We present a non-destructive approach to sense inclusion objects embedded in a solid medium remotely from force sensors applied to the medium and boundary displacements that could be measured via a digital image correlation system using a set of cameras. We provide a rationale and strategy to uniquely identify the heterogeneous sample composition based on stiffness (here, shear modulus) maps. The feasibility of this inversion scheme is tested with simulated experiments that could have clinical relevance in diagnostic imaging (e.g., tumor detection) or could be applied to engineering materials. No assumptions are made on the shape or stiffness quantity of the inclusions. We observe that the novel inversion method using solely boundary displacements and force measurements performs well in recovering the heterogeneous material/tissue composition that consists of one and two stiff inclusions embedded in a softer background material. Furthermore, the target shear modulus value for the stiffer inclusion region is underestimated and the inclusion size is overestimated when incomplete boundary displacements on some part of the boundary are utilized. For displacements measured on the entire boundary, the shear modulus reconstruction improves significantly.
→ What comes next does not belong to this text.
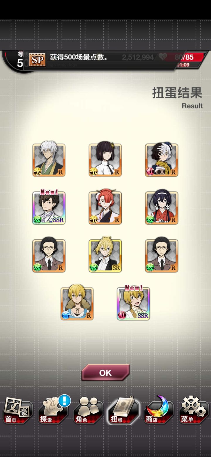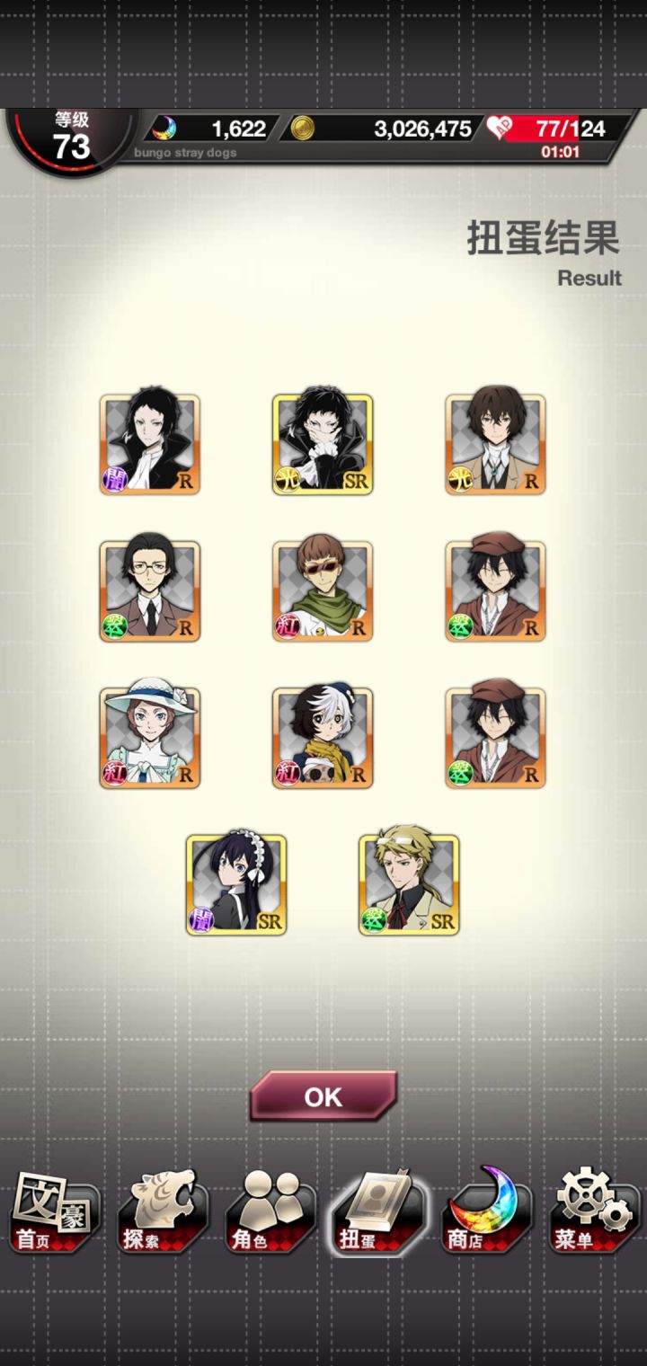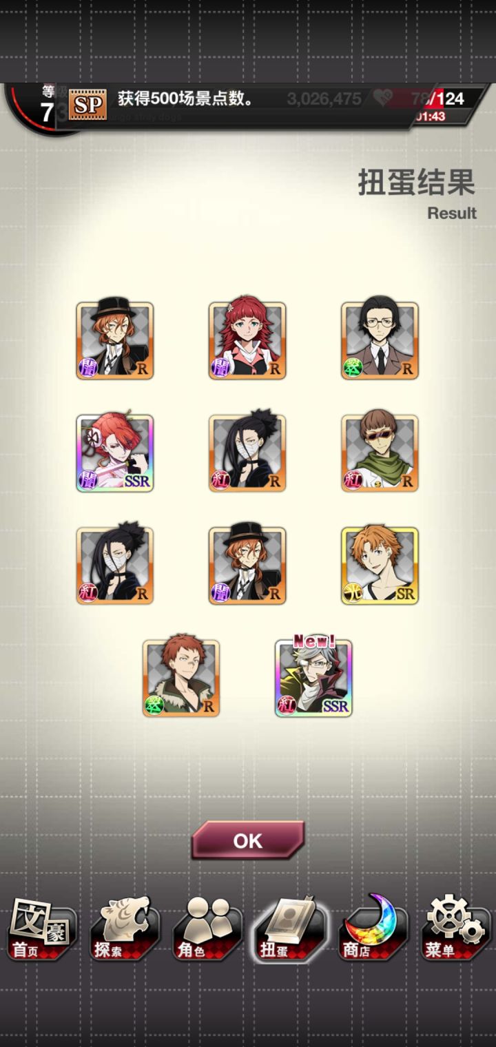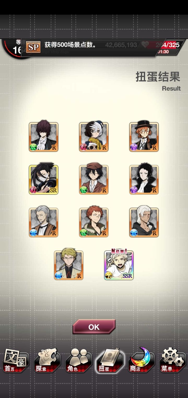 运动会太宰先生我可以!由于,活动点数还没开始,所以为了背景中的太宰先生疯狂抽芥,还好,大号给力到s3两个芥芥,虽然两个小号啥都没出但是我依旧嗨皮,立刻开特效卡面,太宰先生我可(就算只有背景)。接下来就是强肝了。大号还有900多石头,嗯运动会活动还没打,留着下一个宰,砸!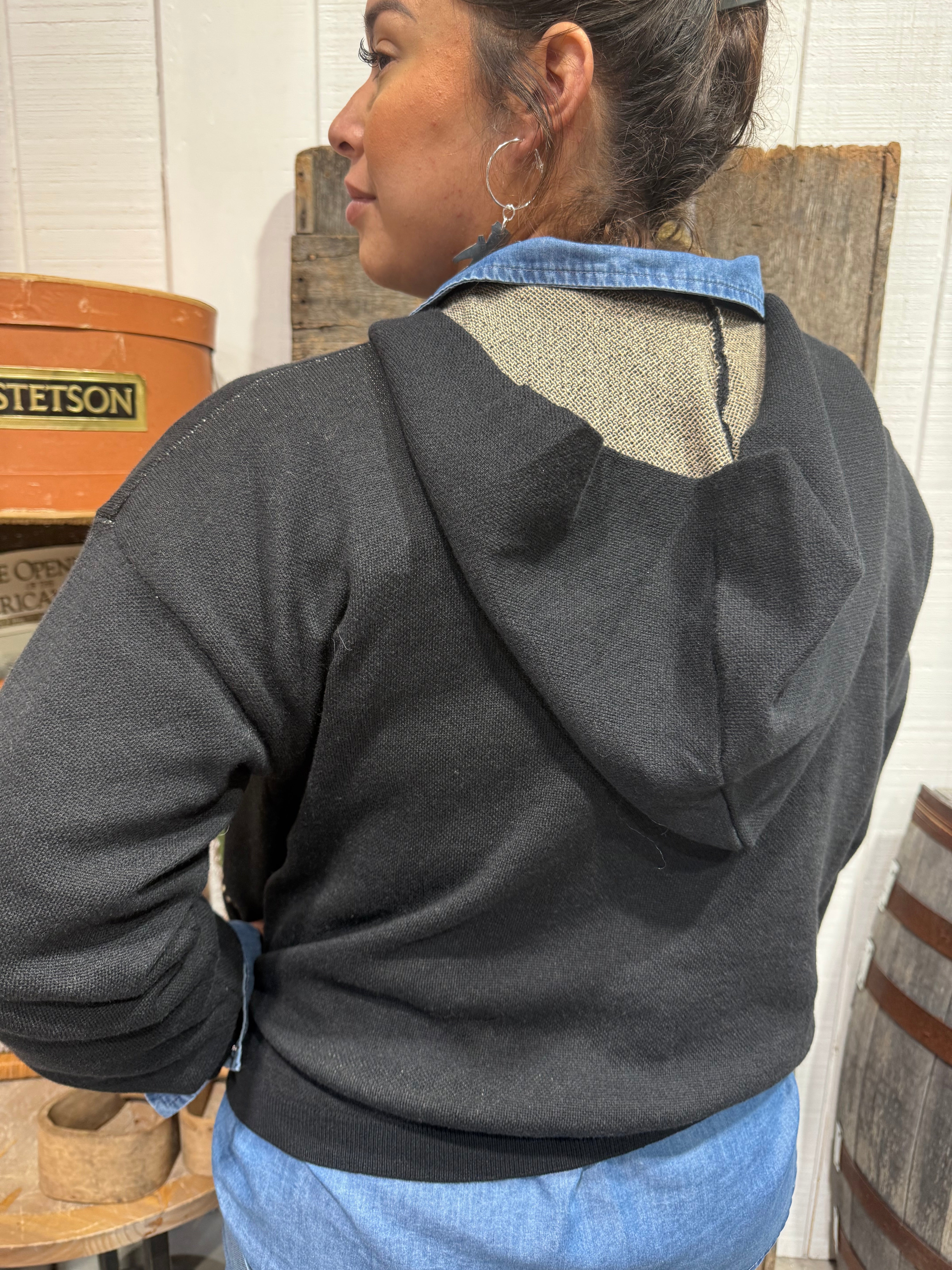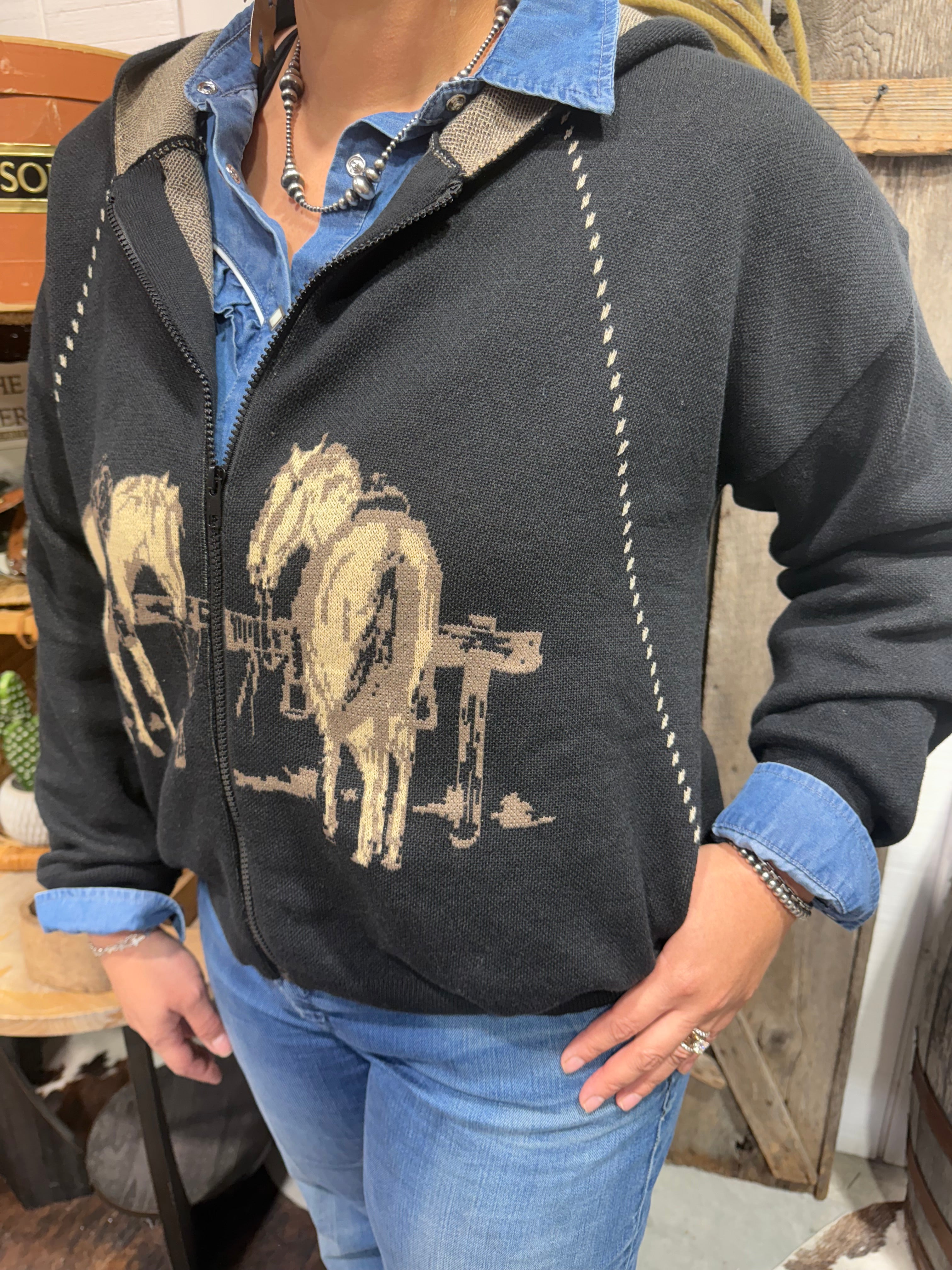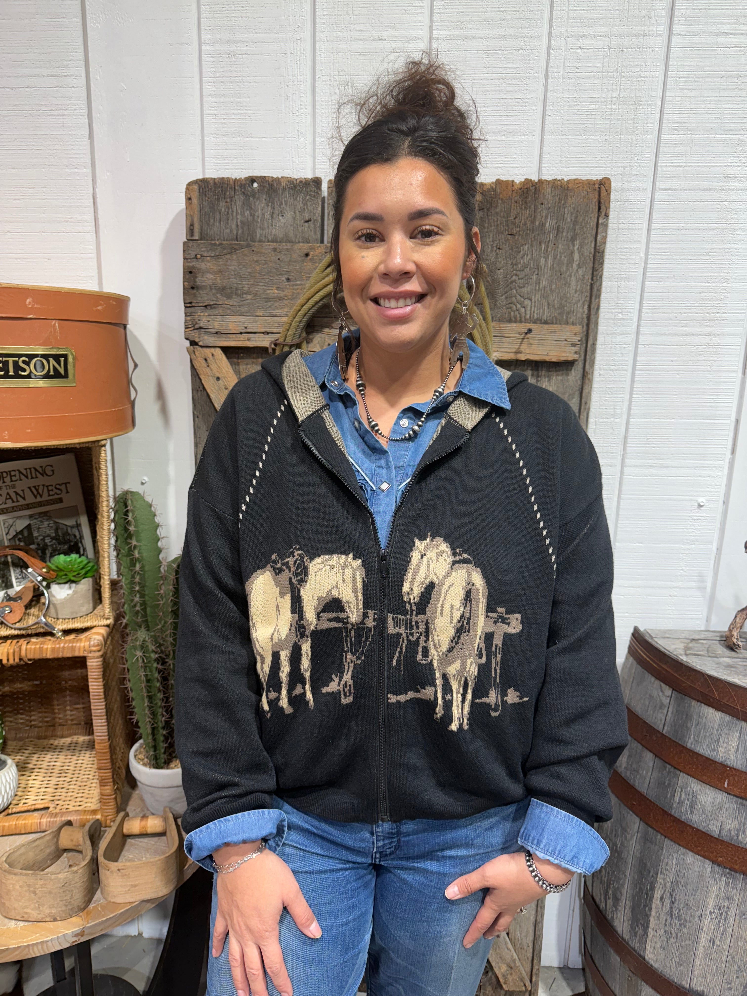 Saddle up in soft, cozy style with The Ranchita Midnight Sweater — a punchy black knit zip-up featuring a detailed woven horse graphic inspired by ranch-life sunsets and arena days. This western-chic sweater blends comfort and cowgirl charm, with contrast whipstitch detailing, a relaxed silhouette, and a warm, mid-weight feel perfect for year-round wear.

Additionally, we observe that with increasing number of displacement data sets utilized in solving the inverse problem, the quality of the mapped shear moduli improves. We also analyze the sensitivity of the shear modulus maps on the noise level varied between 0.1% and 5% white Gaussian noise in the boundary displacements, force and corresponding displacement indentation. Finally, a sensitivity analysis of the recovered shear moduli to the depth, stiffness and the shape of the stiff inclusion is performed. We conclude that this approach has potential as a novel imaging modality and refer to it as Mechanics Based Tomography (MBT).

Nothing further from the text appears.